> [WHAT THE TASK REQUIRES]
The lines wanted run from the first one below through the one with "My puppies go". Return them exactly.
┄┄┄┄┄┄
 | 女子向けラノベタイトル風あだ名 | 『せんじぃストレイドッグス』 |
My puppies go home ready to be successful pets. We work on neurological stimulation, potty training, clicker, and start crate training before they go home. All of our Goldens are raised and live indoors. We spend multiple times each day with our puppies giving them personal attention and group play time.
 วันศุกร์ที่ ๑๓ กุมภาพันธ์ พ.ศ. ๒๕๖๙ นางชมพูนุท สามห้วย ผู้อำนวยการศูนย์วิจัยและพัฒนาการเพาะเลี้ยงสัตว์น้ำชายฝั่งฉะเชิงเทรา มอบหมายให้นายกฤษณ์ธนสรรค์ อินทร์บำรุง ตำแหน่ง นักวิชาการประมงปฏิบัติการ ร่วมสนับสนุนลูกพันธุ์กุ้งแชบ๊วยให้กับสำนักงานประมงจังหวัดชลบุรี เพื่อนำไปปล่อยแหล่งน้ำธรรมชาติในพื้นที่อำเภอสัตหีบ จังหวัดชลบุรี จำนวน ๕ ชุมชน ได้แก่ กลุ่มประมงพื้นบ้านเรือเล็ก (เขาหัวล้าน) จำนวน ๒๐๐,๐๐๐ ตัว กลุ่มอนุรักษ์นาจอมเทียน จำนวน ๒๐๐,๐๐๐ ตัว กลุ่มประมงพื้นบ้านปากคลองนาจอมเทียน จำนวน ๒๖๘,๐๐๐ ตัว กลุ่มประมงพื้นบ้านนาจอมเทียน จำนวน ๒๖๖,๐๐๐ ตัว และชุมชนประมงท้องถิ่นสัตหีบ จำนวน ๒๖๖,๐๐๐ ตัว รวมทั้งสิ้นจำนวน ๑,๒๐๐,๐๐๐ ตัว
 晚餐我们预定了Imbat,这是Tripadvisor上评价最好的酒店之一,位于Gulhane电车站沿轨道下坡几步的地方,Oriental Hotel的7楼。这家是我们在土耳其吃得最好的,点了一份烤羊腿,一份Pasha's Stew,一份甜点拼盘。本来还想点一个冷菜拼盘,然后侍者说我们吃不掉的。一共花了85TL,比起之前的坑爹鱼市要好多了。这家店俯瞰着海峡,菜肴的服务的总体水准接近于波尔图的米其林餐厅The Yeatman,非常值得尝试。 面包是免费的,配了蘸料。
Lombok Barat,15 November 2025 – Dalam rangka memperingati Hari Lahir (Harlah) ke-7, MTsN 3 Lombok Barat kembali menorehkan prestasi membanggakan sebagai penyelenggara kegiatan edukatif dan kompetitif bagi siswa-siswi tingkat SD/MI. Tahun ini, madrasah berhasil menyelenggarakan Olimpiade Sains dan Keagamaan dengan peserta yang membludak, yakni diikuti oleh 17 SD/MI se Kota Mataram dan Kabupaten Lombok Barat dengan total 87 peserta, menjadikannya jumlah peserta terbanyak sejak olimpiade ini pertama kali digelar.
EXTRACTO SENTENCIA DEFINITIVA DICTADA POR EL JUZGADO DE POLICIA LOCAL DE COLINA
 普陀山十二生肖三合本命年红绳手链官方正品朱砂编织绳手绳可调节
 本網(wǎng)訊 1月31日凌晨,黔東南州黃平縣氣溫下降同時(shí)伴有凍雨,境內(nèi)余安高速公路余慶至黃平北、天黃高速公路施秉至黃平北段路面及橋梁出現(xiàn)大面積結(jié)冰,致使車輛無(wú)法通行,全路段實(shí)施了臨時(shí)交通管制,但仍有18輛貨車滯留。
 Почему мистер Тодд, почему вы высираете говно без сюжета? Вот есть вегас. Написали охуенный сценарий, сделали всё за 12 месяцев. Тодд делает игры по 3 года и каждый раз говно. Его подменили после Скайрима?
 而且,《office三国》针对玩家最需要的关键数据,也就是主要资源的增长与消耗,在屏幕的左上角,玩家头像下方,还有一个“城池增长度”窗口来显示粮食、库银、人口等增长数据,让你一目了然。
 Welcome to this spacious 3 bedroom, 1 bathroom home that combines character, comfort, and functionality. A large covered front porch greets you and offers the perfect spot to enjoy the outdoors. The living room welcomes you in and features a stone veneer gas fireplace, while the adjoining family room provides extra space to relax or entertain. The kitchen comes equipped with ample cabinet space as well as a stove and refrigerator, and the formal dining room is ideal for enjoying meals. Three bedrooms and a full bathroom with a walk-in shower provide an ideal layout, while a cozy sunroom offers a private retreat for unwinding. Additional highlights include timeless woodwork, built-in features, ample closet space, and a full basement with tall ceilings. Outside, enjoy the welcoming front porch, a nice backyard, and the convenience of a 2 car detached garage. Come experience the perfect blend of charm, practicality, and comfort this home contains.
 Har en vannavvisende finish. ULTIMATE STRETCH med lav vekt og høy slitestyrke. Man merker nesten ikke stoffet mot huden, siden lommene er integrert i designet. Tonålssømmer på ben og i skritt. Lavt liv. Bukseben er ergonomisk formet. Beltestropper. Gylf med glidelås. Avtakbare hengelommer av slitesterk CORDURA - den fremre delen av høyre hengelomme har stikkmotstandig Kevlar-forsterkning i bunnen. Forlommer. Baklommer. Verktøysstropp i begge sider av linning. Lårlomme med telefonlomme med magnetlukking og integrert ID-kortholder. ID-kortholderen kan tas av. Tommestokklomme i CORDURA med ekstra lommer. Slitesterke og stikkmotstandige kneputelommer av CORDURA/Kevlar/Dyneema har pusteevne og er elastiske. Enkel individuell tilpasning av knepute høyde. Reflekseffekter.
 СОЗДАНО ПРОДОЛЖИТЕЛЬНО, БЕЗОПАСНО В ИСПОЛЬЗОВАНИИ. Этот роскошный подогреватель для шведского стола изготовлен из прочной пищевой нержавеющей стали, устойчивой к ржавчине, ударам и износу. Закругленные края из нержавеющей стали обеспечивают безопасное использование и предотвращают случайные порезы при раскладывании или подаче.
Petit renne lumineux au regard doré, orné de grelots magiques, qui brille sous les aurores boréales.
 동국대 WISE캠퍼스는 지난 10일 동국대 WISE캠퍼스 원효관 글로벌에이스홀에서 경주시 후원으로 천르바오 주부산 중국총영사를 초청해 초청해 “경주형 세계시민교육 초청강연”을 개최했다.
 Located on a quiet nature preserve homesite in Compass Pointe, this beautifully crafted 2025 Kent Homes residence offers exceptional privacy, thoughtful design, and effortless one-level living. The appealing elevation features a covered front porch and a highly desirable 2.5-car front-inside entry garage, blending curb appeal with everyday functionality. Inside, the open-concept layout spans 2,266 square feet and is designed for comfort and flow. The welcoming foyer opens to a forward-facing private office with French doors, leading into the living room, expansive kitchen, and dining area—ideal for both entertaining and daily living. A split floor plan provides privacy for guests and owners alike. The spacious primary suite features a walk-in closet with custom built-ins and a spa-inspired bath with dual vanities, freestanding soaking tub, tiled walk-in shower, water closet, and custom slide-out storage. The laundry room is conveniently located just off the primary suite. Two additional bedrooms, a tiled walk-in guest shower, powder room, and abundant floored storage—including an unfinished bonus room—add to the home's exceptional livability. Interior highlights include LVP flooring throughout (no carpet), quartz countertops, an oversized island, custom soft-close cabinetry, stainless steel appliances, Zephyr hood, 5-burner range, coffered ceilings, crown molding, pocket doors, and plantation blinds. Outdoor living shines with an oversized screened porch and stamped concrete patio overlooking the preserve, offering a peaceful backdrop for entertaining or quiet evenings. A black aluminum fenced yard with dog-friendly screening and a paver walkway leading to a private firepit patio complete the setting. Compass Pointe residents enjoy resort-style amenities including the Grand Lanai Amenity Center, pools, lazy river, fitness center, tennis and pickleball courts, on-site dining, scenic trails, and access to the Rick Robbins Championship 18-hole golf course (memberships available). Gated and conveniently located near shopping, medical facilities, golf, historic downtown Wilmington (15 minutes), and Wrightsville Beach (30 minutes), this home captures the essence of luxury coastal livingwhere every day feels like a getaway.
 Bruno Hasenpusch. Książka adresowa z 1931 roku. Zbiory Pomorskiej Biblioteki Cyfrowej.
┄┄┄┄┄┄
> [WRITTEN ANSWER]
 | 女子向けラノベタイトル風あだ名 | 『せんじぃストレイドッグス』 |
My puppies go home ready to be successful pets. We work on neurological stimulation, potty training, clicker, and start crate training before they go home. All of our Goldens are raised and live indoors. We spend multiple times each day with our puppies giving them personal attention and group play time.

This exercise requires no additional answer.